As with most medical decisions encountered during the care of patients with cancer, the decision to use outpatient pharmacologic VTE prophylaxis is multifactorial and still accumulating clinical data. It is one of many important discussions to be considered between a patient and clinician upon discharge from the hospital.


  1. Connors JM. Prophylaxis against venous thromboembolism in ambulatory patients with cancer. N Engl J Med. 2014;370(26):2515-2519.
  2. Khorana AA, Francis CW, Culakova E, et al. Thromboembolism is a leading cause of death in cancer patients receiving outpatient chemotherapy. J Thromb Haemost. 2007;5(3):632-634.

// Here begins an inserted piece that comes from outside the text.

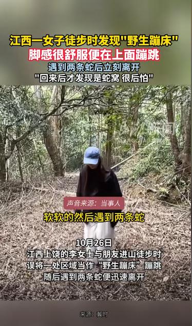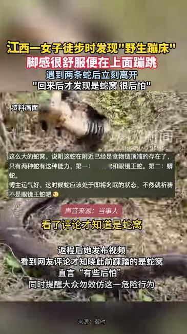 “真是命大啊!”江西,一女子在徒步时,遇到一片堆满落叶的地面,踩上去弹弹的,起初以为是原生态蹦床,不料竟是眼镜蛇窝!   事情的起因是,10月26日的时候,王女士(化名)和闺蜜商量好一起去山里面徒步,于是她们二人一大早就出发,背上轻便的双肩包,里面装着水、零食、登山杖和应急小物件。   空气里带着山林的清新味道,晨雾还没散尽,阳光透过树叶洒在潮湿的泥土上,地面有些滑,踩上去发出“咯吱咯吱”的响声。   她们边聊边笑,谈着日常琐事,也时不时停下脚步拍照,捕捉林间阳光和山景的美丽,然而就在她们沿着山道走着走着,忽然眼前出现一片厚厚的落叶覆盖的地面,金黄和褐色的叶子堆得松软而厚实。   王女士出于好奇就伸脚踩了上去,这时候她顿时感受到整个人微微下沉又被叶子轻轻托起,紧接着就喊闺蜜也跟着踩了几下,两人都被这种弹弹的感觉逗乐了。   起初,王女士以为这是大自然的“原生态蹦床”,于是就让闺蜜在一旁用手机记录她蹦跳的过程,不料没过一会,就从王女士的脚底下爬出来了一条蛇,吓得王女士和闺蜜二人慌忙逃走了。   历经三小时的徒步之后,王女士出了大山一有信号,就将徒步时在草丛里蹦跳的视频翻出来,发到了短视频平台上面,原本想着让网友帮忙科普一下是怎么回事,不料看了网友的评论之后,令她感到后怕。   事后网友刷到了之后,有一位网友在下面评论说,像这样的草丛里面是蛇的窝,是它们在准备过冬的地方。   看到这条评论之后王女士整个人瞬间心跳加速,手里的手机差点掉落,那条本以为安全的落叶堆,此刻变成了潜藏危险的蛇窝,后来她回想起当时自己踩下去的弹感,才意识到,每一次踩踏都可能惊动蛇,她浑身一阵凉意。   还有一些网友在下面调侃说,好在王女士在蹦跳的时候戴着“鸭舌帽”,所以不用害怕。   调侃归调侃,这次徒步经历,差点让王女士付出惨痛代价,也提醒我们自然虽美,却潜藏危险,轻松的娱乐与安全之间,往往只隔着一层警觉。   即便是一片看似平常的落叶堆,也可能隐藏危险,幸运逃过一劫固然值得庆幸,但更重要的是从中吸取教训,尊重自然、谨慎行事,才能真正安全地享受户外的美好。   遇事不要掉以轻心,尤其在野外活动时,一定要留意环境,保持谨慎。   对此,你还有什么看法呢?   (信息来源 :浪潮新闻 )

  3. Khorana AA, Kuderer NM, Culakova E, et al. Development and validation of a predictive model for chemotherapy-associated thrombosis. Blood. 2008;111(10):4902-4907.
  4. Lyman GH, Khorana AA, Kuderer NM, et al. Venous thromboembolism prophylaxis and treatment in patients with cancer: American Society of Clinical Oncology clinical practice guideline update. J Clin Oncol. 2013;31(17):2189-2204.